Unified latent action world models adopt a multi-phase training pipeline:

VGM adaptation utilizing large-scale video and synthetic robot data
Joint pretraining for action/observation chunks incorporating frozen vision-LLMs
End-to-end fine-tuning on target robot demonstrations, leveraging hierarchically organized, multi-modal data (Bi et al., 15 Dec 2025)

5. Performance, Metrics, and Clinical/Empirical Validation

In MRI applications, MR-MOTUS achieves sub-10% relative error norms against compressed sensing and optical flow registration baselines for both rigid and non-rigid motion, with Jacobian determinants within 5% of unity inside organs, confirming physiological plausibility. In CMR-MOTUS scenarios, the SSIM over myocardium is 0.9780±0.0145; in vivo sharpness is enhanced by 14% over compressed sensing. In arrhythmic cohorts, beat-to-beat EF distributions derived from propagated motion fields replicate clinical reference values and reveal bimodal patterns aligned with temporally resolved ECG PVCs (Huttinga et al., 2019, Huttinga et al., 2020, Huttinga et al., 2021, Olausson et al., 2024, Olausson et al., 4 Mar 2026).

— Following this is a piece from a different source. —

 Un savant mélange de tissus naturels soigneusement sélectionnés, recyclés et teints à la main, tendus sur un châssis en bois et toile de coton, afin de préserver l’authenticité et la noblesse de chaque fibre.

For embodied agents, simulation and real-world benchmarks show +11–48% relative performance increases; for multimodal motion-language modeling, text-to-motion FID reaches 0.22, substantially improving motion quality and diversity relative to discrete token-based models (Bi et al., 15 Dec 2025, Zhu et al., 30 Jun 2025).

Wildlife tracking site-calibration protocols yield mean absolute errors of 3–8 dBm (self) and 7–7.5 dBm (cross-site); embedding the resulting radiation patterns into Motus triangulation algorithms produces animal fix errors an order of magnitude smaller than when using theoretical antenna models (Carlson et al., 2022).

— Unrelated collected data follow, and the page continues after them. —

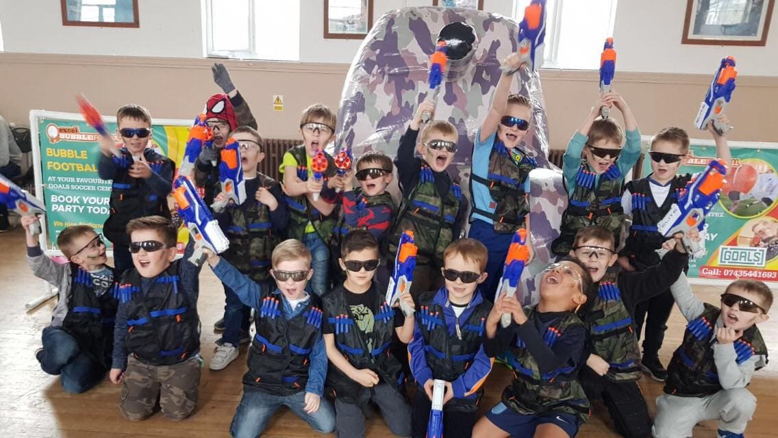 They offer the very best Nerf Parties in the UK with Inflatables, mixture of Nerf Guns, safety glasses, Army Tank and much, much more.
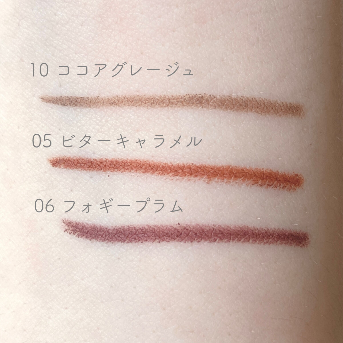 - <01 ディープブラック> メチルトリメチコン、トリメチルシロキシケイ酸、(アクリレーツ/アクリル酸ステアリル/メタクリル酸ジメチコン)コポリマー、ポリエチレン、カルナウバロウ、キャンデリラロウ、ジメチコン、水添レシチン、シリカ、メタクリル酸メチルクロスポリマー、トコフェロール、スクワラン、ホホバ種子油、マカデミア種子油、ヒアルロン酸Na、メチコン、(+/-)水酸化Al、酸化鉄、マイカ、酸化チタン <02 ミディアムブラウン> メチルトリメチコン、トリメチルシロキシケイ酸、(アクリレーツ/アクリル酸ステアリル/メタクリル酸ジメチコン)コポリマー、ポリエチレン、カルナウバロウ、キャンデリラロウ、ジメチコン、水添レシチン、シリカ、メタクリル酸メチルクロスポリマー、トコフェロール、スクワラン、ホホバ種子油、マカデミア種子油、ヒアルロン酸Na、メチコン、(+/-)水酸化Al、酸化鉄、マイカ、酸化チタン <03 ダークブラウン> メチルトリメチコン、トリメチルシロキシケイ酸、(アクリレーツ/アクリル酸ステアリル/メタクリル酸ジメチコン)コポリマー、ポリエチレン、カルナウバロウ、スクワラン、ジメチコン、水添レシチン、シリカ、トコフェロール、メタクリル酸メチルクロスポリマー、キャンデリラロウ、ホホバ種子油、マカデミア種子油、ヒアルロン酸Na、メチコン、水酸化Al、酸化鉄、酸化チタン、マイカ <04 ガーネットバーガンディ> メチルトリメチコン、トリメチルシロキシケイ酸、(アクリレーツ/アクリル酸ステアリル/メタクリル酸ジメチコン)コポリマー、ポリエチレン、カルナウバロウ、ジメチコン、キャンデリラロウ、水添レシチン、シリカ、トコフェロール、メタクリル酸メチルクロスポリマー、スクワラン、ホホバ種子油、マカデミア種子油、ヒアルロン酸Na、メチコン、水酸化Al、酸化鉄、グンジョウ、酸化チタン、マイカ <06 フォギープラム> メチルトリメチコン、トリメチルシロキシケイ酸、(アクリレーツ/アクリル酸ステアリル/メタクリル酸ジメチコン)コポリマー、ポリエチレン、カルナウバロウ、ジメチコン、キャンデリラロウ、水酸化Al、水添レシチン、シリカ、トコフェロール、メタクリル酸メチルクロスポリマー、スクワラン、ホホバ種子油、マカデミア種子油、ヒアルロン酸Na、メチコン、酸化鉄、グンジョウ、酸化チタン、マイカ <07 アズキブラウン> メチルトリメチコン、トリメチルシロキシケイ酸、(アクリレーツ/アクリル酸ステアリル/メタクリル酸ジメチコン)コポリマー、ポリエチレン、カルナウバロウ、キャンデリラロウ、ジメチコン、水添レシチン、シリカ、トコフェロール、メタクリル酸メチルクロスポリマー、スクワラン、ホホバ種子油、マカデミア種子油、水酸化Al、ハイドロゲンジメチコン、ヒアルロン酸Na、メチコン、酸化鉄、グンジョウ、マイカ、酸化チタン <09 ダージリンピンク> メチルトリメチコン、トリメチルシロキシケイ酸、(アクリレーツ/アクリル酸ステアリル/メタクリル酸ジメチコン)コポリマー、合成ワックス、カルナウバロウ、キャンデリラロウ、ジメチコン、水酸化Al、ハイドロゲンジメチコン、水添レシチン、シリカ、トコフェロール、メタクリル酸メチルクロスポリマー、スクワラン、ホホバ種子油、マカデミア種子油、ヒアルロン酸Na、メチコン、酸化鉄、酸化チタン、マイカ、グンジョウ <11 クラウディーグレー> メチルトリメチコン、トリメチルシロキシケイ酸、(アクリレーツ/アクリル酸ステアリル/メタクリル酸ジメチコン)コポリマー、合成ワックス、カルナウバロウ、ジメチコン、キャンデリラロウ、水酸化Al、水添レシチン、シリカ、トコフェロール、メタクリル酸メチルクロスポリマー、ハイドロゲンジメチコン、スクワラン、ホホバ種子油、マカデミア種子油、ヒアルロン酸Na、メチコン、酸化鉄、酸化チタン、マイカ <15 カプチーノピンク> メチルトリメチコン、トリメチルシロキシケイ酸、(アクリレーツ/アクリル酸ステアリル/メタクリル酸ジメチコン)コポリマー、合成ワックス、カルナウバロウ、ジメチコン、キャンデリラロウ、水酸化Al、水添レシチン、シリカ、トコフェロール、メタクリル酸メチルクロスポリマー、スクワラン、ホホバ種子油、マカデミア種子油、ヒアルロン酸Na、メチコン、酸化チタン、酸化鉄、マイカ <05 ビターキャラメル> メチルトリメチコン、トリメチルシロキシケイ酸、(アクリレーツ/アクリル酸ステアリル/メタクリル酸ジメチコン)コポリマー、ポリエチレン、カルナウバロウ、ジメチコン、キャンデリラロウ、水添レシチン、シリカ、トコフェロール、メタクリル酸メチルクロスポリマー、スクワラン、ホホバ種子油、マカデミア種子油、ヒアルロン酸Na、メチコン、水酸化Al、酸化鉄、マイカ、酸化チタン <08 マッチャカーキ> メチルトリメチコン、トリメチルシロキシケイ酸、(アクリレーツ/アクリル酸ステアリル/メタクリル酸ジメチコン)コポリマー、合成ワックス、
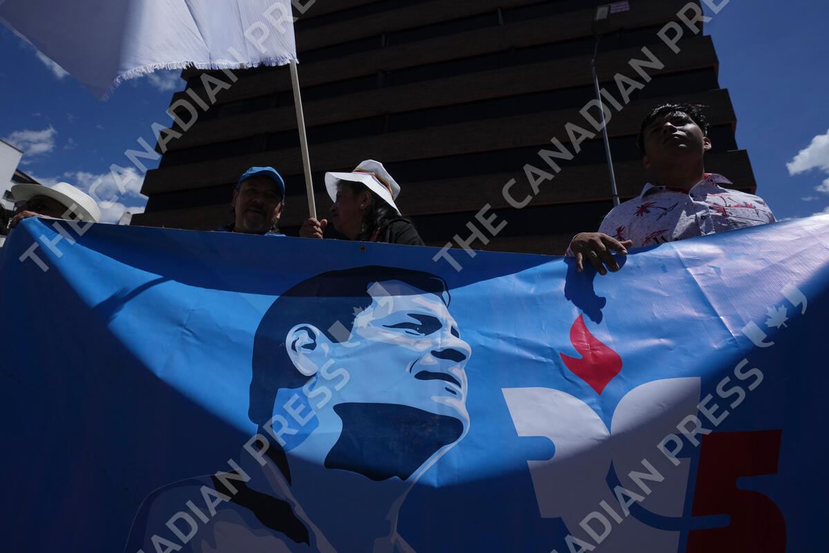 Supporters of the Citizen Revolution Movement party hold a banner with an image of former President Rafael Correa, also the party leader, as they cheer on their presidential candidate for the upcoming early elections, in Quito, Ecuador, Tuesday, June 13, 2023. Early elections, scheduled for August, were prompted by Ecuadorian President Guillermo Lasso's decision to dissolve the National Assembly, when it appeared on the verge of ousting him in impeachment proceedings. (AP Photo/Dolores Ochoa)

6. Limitations and Frontier Directions

Motus-based frameworks face computational bottlenecks in large-scale 3D reconstructions, with iterative alternations and high-dimensional SVDs (for L+S decompositions) challenging to scale without advanced GPU resources. Separation of motion from contrast or other dynamic sources is not always perfect, and empirical parameter tuning (rank, regularization penalties, basis parametrizations) remains necessary. In robotics and cross-modal learning, latent action models may underperform on tasks requiring micrometer precision or on objects with strongly out-of-distribution appearance or dynamics (Olausson et al., 2024, Bi et al., 15 Dec 2025, Zhu et al., 30 Jun 2025).

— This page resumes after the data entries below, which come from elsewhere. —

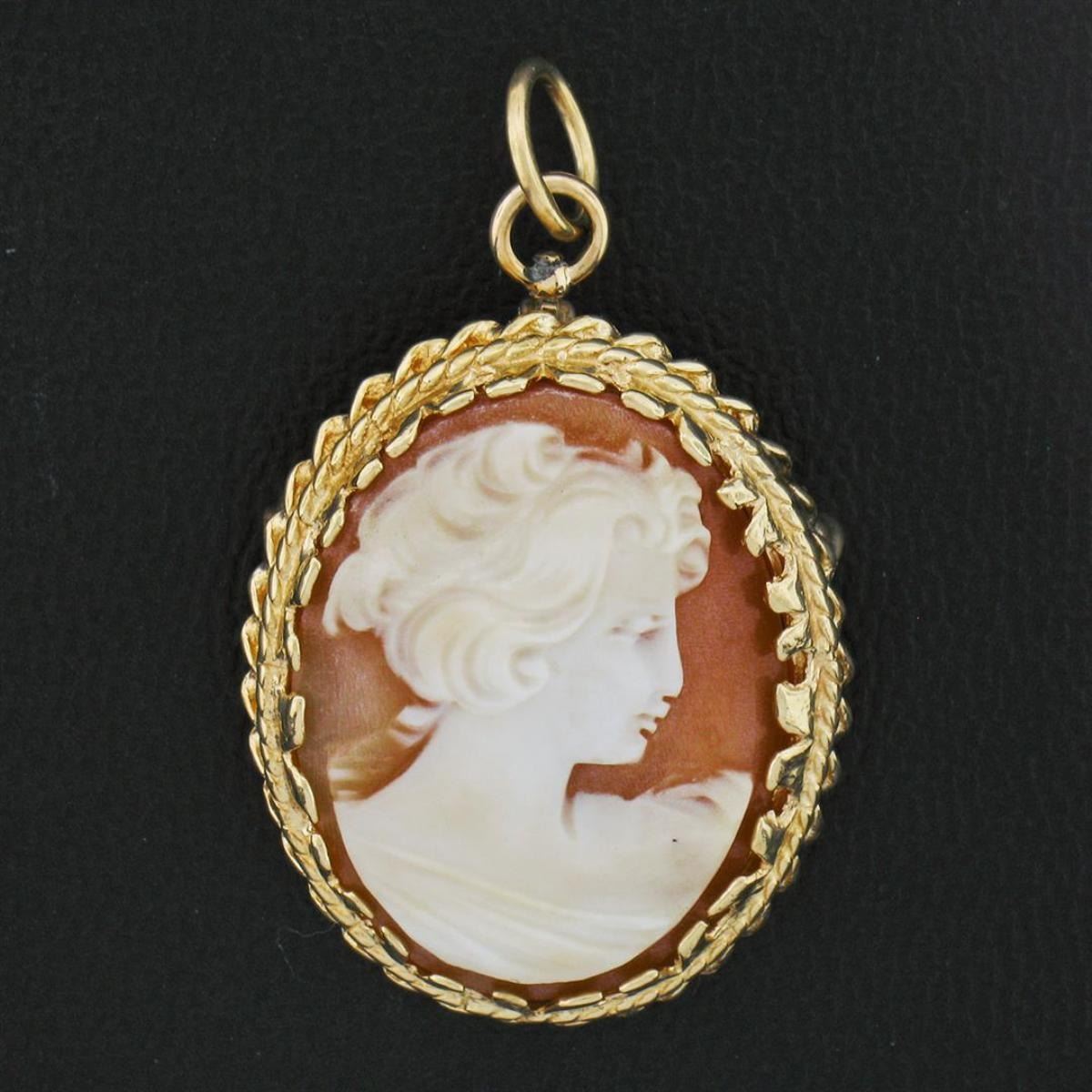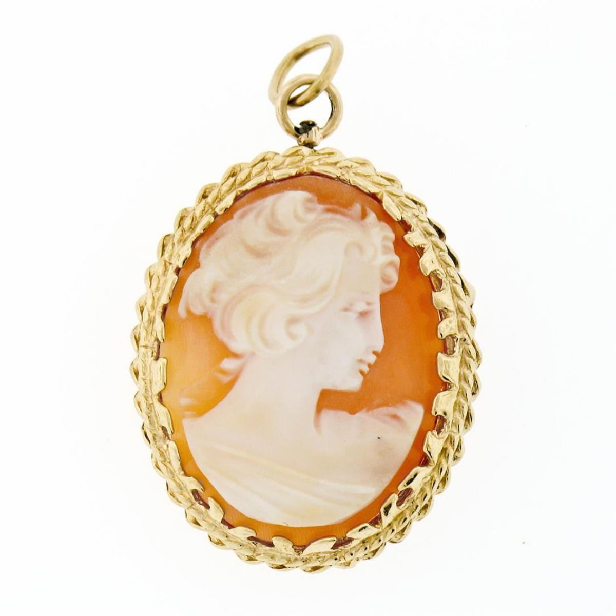 Vintage 14k Yellow Gold Carved Shell Cameo Dual Twisted Wire Brooch Pin Pendant. A vintage solid 14k yellow gold pendant featuring an oval carved natural shell cameo (24.65x19.45mm) surrounded by a dual twisted wire frame. Measures 39.55x23.55mm and weighs a total of 7.61 grams.
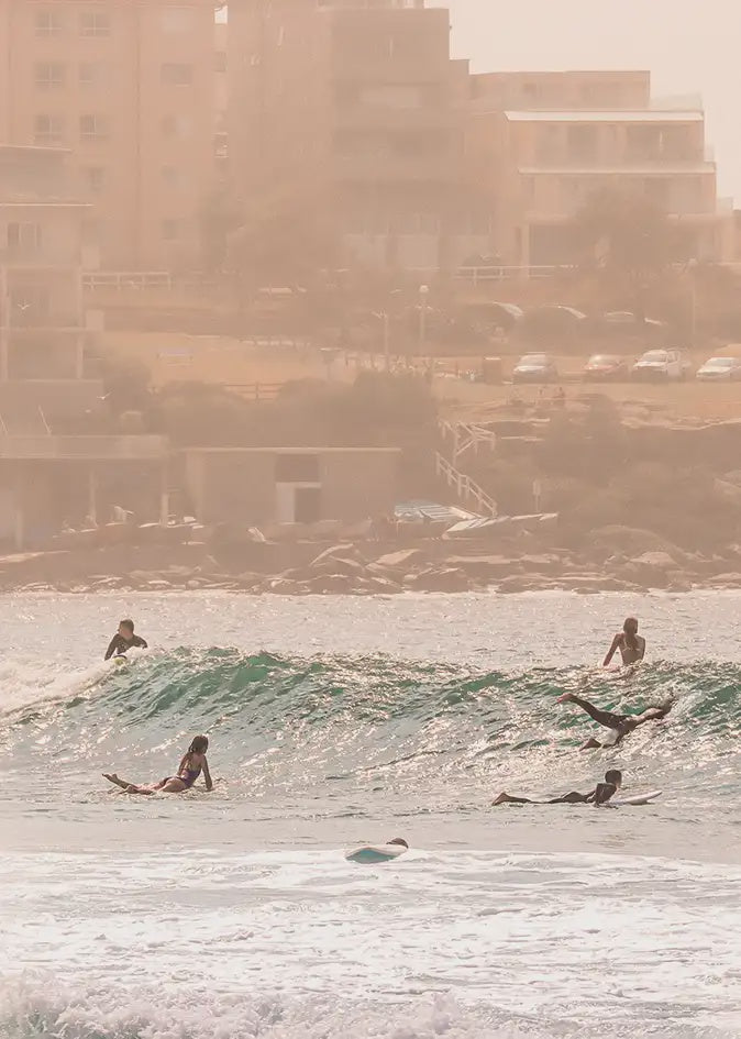 This photographic print features smokey horizons and warm waters on a glorious day at Ben Buckler, North Bondi.
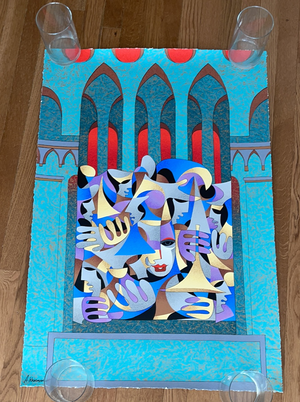 Numbered HC 58/90 in lower right corner and signed by the artist in the lower left. It measures 25 x 37 1/2 unframed. This is an HC print! Stunning colors and astonishing geometric shapes Will be shipped in a tube and shipping service can be negotiated. Will ship worldwide, please ask for a quote if you are not in the U.S or Canada.

Ongoing directions include efficient multi-resolution motion fields, deeper integration with external motion surrogates (navigators, pilot-tone), structure-guided or learned regularization, and clinical trials assessing impact on therapy and diagnosis. In AI, further progress is anticipated in scaling multimodal, motion-centric LLMs to broader settings (object–scene interactions, multi-agent control), and in leveraging large-scale unlabeled data for action-space generalization (Olausson et al., 2024, Bi et al., 15 Dec 2025, Zhu et al., 30 Jun 2025, Olausson et al., 4 Mar 2026).

In summary, Motus methods provide a unified mathematical and algorithmic approach to motion estimation, modeling, and cross-modal integration across medical imaging, embodied AI, tracking, and environmental domains, grounded in low-rank, latent, and compressed representations optimized for scalability, interpretability, and real-world applicability (Huttinga et al., 2019, Huttinga et al., 2020, Huttinga et al., 2021, Olausson et al., 2024, Carlson et al., 2022, Zhu et al., 30 Jun 2025, Yang et al., 26 Sep 2025, Bi et al., 15 Dec 2025, Olausson et al., 4 Mar 2026).